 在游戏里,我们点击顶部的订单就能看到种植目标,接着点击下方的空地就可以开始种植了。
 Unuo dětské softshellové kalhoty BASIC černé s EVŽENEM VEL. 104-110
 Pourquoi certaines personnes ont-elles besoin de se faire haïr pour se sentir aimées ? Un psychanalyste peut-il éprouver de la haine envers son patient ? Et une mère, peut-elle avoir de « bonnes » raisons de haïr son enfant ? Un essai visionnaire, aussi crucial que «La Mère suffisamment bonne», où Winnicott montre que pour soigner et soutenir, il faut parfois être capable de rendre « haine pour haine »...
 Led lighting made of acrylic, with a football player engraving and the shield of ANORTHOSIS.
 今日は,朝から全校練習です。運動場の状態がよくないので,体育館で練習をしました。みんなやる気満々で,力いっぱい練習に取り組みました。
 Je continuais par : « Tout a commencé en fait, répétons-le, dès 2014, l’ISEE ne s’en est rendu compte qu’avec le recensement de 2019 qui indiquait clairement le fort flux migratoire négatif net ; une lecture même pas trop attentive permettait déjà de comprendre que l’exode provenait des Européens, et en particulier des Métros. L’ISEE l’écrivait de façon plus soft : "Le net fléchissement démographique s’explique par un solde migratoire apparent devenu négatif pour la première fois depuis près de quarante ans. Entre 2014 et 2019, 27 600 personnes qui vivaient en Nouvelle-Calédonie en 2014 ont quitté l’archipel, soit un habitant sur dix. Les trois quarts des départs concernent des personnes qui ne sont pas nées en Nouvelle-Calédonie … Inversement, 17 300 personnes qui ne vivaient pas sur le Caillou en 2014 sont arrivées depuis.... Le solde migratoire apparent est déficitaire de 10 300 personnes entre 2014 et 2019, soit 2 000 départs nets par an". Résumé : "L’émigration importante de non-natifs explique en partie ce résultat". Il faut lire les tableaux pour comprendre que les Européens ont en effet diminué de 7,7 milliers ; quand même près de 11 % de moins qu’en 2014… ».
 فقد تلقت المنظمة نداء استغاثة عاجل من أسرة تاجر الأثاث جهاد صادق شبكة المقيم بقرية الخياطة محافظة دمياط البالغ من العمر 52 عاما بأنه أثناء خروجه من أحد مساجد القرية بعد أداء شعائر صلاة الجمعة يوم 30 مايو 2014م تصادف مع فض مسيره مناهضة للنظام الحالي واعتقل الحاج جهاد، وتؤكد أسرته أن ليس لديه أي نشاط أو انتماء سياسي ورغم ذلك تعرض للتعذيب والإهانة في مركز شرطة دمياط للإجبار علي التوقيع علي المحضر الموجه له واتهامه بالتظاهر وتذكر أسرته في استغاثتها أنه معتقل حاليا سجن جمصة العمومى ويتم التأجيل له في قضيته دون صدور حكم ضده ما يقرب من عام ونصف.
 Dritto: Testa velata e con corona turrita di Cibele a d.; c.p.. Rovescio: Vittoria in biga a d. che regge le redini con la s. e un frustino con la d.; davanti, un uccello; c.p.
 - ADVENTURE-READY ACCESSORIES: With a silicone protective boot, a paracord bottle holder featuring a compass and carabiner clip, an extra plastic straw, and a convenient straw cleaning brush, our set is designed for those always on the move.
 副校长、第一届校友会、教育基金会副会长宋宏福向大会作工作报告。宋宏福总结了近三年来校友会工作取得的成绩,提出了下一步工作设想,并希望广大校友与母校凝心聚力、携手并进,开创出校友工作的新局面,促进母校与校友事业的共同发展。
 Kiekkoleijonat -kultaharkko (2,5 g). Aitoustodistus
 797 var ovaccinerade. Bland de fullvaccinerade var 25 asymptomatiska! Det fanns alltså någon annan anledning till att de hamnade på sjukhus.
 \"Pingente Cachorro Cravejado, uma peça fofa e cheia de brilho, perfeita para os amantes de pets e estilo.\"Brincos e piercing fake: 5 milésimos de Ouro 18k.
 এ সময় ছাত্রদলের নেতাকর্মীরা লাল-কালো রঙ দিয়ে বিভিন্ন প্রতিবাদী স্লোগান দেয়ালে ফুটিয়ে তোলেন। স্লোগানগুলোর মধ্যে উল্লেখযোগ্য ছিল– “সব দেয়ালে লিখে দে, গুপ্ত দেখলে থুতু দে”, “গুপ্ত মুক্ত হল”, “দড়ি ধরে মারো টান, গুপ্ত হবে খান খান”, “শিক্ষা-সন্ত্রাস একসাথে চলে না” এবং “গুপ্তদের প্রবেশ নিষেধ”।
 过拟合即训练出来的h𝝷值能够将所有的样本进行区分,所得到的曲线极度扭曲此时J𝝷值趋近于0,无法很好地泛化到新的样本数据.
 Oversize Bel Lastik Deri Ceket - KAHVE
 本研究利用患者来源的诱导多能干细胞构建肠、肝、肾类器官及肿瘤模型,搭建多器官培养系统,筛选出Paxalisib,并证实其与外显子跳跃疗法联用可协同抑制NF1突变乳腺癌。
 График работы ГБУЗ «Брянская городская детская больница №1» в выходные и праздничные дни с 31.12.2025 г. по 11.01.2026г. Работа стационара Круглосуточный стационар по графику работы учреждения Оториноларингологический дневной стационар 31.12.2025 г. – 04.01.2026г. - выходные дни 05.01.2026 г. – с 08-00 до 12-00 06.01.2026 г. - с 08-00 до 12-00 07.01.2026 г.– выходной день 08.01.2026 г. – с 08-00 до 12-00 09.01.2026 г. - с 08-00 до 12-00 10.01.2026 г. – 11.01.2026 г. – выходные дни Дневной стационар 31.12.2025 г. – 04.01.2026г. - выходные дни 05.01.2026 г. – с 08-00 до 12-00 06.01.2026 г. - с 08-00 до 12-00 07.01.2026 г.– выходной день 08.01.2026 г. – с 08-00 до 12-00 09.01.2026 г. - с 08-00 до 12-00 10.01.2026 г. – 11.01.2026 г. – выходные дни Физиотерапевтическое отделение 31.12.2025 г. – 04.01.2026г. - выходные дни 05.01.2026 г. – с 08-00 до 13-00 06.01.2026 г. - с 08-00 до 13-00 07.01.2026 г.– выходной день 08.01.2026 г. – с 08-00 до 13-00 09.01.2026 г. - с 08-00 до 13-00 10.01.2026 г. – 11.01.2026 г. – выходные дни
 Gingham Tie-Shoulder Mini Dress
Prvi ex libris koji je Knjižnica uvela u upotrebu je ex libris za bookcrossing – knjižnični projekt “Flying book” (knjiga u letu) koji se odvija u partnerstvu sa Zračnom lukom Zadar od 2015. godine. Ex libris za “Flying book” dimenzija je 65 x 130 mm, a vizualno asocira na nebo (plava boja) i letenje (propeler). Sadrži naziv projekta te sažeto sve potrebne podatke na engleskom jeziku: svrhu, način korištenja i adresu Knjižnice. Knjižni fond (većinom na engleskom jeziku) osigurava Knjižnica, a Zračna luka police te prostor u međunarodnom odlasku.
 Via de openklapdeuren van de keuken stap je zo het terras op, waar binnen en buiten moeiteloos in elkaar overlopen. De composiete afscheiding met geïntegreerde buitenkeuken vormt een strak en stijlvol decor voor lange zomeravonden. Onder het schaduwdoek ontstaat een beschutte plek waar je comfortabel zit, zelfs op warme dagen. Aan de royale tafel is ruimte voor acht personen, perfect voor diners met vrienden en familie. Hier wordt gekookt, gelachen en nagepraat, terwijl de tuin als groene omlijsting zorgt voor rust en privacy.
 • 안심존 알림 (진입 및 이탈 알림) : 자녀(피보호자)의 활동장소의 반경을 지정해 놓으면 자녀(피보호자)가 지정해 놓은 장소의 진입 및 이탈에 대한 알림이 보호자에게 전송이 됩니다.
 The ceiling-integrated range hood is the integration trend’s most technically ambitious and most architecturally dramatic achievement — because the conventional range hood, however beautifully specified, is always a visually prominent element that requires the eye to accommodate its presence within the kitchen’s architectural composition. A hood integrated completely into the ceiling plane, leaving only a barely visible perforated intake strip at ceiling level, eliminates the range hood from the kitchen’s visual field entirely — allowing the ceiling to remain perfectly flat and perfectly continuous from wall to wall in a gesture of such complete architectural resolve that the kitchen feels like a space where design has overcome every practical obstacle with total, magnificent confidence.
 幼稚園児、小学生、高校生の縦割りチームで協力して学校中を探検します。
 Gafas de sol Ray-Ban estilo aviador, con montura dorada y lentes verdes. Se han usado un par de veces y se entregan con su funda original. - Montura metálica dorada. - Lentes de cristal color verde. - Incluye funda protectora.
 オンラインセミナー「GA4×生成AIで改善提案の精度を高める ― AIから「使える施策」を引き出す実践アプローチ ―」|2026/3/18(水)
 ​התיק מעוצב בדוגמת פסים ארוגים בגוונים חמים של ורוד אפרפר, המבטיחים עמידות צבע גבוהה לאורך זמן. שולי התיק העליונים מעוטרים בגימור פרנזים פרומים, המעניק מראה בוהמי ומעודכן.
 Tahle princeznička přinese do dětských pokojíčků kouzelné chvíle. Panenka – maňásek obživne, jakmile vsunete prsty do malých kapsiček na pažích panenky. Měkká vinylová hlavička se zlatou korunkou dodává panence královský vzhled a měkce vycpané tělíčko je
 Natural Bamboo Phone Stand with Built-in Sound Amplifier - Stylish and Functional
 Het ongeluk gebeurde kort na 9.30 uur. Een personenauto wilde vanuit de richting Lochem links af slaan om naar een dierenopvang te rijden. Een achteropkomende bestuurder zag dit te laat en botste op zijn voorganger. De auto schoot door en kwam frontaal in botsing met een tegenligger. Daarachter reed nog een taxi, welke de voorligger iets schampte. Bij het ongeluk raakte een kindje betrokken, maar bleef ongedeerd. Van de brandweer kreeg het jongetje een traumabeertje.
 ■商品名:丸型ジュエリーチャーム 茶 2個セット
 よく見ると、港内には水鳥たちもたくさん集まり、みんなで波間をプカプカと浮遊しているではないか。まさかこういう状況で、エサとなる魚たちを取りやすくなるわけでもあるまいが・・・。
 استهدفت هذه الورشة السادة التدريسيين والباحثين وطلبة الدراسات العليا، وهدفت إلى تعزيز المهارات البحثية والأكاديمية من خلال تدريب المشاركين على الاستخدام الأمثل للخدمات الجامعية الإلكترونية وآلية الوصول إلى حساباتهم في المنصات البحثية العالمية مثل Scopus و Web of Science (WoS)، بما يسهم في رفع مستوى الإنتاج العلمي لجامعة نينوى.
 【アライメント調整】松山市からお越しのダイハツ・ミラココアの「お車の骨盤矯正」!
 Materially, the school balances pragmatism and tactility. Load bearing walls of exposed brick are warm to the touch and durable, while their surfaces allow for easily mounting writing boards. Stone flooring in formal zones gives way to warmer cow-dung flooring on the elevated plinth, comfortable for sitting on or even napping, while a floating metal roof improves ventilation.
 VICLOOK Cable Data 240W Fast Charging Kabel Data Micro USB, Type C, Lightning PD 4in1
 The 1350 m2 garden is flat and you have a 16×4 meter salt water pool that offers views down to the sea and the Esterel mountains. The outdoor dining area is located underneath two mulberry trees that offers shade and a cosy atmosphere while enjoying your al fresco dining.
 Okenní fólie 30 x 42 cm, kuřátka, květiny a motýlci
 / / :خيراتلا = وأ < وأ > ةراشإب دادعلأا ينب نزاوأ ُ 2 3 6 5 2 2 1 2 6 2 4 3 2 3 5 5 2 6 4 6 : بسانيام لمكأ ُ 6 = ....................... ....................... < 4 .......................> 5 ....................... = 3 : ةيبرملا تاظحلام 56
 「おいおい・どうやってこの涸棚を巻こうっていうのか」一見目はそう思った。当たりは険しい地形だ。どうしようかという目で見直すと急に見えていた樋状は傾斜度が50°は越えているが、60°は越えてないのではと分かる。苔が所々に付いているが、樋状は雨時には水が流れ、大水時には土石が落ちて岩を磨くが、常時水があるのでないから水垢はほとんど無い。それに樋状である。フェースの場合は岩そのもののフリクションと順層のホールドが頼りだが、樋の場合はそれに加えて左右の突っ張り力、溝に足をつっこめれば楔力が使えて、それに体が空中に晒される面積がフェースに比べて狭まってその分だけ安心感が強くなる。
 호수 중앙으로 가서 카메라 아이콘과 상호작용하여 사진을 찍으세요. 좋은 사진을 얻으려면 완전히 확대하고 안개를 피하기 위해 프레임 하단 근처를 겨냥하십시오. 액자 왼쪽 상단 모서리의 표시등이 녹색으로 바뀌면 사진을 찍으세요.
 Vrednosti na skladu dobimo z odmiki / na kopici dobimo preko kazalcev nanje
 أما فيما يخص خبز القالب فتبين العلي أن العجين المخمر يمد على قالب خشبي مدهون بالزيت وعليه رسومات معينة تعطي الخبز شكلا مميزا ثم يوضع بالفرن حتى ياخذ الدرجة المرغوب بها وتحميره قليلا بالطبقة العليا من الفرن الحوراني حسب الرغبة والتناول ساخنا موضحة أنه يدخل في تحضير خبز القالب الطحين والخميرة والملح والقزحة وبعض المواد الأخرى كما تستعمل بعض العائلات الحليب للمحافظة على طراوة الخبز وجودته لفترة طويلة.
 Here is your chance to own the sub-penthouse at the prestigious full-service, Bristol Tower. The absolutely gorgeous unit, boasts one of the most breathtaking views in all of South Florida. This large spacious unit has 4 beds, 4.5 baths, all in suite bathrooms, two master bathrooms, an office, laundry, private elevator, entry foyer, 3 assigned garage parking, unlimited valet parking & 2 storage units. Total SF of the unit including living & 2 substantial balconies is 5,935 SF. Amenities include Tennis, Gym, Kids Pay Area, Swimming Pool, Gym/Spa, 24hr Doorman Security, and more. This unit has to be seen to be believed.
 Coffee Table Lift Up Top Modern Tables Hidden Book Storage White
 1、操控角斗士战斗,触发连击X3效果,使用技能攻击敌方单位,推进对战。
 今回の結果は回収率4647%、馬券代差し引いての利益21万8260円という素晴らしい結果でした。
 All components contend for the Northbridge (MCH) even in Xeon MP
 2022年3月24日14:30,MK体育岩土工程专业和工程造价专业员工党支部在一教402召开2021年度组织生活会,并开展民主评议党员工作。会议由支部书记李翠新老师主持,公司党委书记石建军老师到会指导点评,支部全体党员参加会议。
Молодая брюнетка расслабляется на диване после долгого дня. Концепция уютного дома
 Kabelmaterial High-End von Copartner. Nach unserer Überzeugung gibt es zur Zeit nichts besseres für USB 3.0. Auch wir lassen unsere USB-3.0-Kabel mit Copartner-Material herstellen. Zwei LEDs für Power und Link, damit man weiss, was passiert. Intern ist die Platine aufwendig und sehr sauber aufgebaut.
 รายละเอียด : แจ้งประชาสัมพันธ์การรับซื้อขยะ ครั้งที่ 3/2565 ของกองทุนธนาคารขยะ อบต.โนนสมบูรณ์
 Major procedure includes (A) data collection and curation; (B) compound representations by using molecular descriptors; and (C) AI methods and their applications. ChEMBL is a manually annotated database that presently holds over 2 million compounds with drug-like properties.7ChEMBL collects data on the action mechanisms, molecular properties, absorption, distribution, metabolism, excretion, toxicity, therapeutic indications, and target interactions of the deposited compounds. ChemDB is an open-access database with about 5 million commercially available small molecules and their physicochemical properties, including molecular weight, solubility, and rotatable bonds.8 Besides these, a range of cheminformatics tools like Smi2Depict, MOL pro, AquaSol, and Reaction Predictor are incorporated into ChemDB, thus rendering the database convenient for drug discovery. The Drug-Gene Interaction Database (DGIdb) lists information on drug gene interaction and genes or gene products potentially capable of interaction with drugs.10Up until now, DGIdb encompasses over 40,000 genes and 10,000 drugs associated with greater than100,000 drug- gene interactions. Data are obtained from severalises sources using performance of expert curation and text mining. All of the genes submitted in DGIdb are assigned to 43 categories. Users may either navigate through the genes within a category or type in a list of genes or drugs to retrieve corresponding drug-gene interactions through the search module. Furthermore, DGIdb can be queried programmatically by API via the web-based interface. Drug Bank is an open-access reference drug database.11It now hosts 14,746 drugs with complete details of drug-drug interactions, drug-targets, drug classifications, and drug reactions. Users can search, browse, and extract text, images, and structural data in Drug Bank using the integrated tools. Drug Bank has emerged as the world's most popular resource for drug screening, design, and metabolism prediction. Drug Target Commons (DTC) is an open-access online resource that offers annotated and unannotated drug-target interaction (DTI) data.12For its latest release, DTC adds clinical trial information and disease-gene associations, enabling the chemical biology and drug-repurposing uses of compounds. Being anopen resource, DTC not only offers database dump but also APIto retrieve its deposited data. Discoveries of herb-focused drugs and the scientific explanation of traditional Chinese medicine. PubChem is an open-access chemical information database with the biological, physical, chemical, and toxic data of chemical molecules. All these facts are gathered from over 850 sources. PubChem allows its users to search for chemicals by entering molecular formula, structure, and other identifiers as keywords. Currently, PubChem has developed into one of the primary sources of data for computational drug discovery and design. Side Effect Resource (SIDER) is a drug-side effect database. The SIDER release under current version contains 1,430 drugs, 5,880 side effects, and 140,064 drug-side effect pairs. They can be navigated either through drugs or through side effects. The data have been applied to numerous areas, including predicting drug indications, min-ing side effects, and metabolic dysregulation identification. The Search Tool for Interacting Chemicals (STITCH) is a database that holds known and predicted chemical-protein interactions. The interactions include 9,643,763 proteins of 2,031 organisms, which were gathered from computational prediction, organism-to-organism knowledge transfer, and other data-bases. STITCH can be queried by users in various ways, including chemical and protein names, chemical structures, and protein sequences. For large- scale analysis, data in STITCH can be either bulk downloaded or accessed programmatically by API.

• • • • • • •

#### [WHAT TO DO]
Your answer should be the exact lines above from the one with "幼稚園児、小学生、高校生の縦割りチームで協力して学校中を探検します。" through the one with "Gafas de sol", both included, and nothing besides.

#### [EXPECTED ANSWER]
 幼稚園児、小学生、高校生の縦割りチームで協力して学校中を探検します。
 Gafas de sol Ray-Ban estilo aviador, con montura dorada y lentes verdes. Se han usado un par de veces y se entregan con su funda original. - Montura metálica dorada. - Lentes de cristal color verde. - Incluye funda protectora.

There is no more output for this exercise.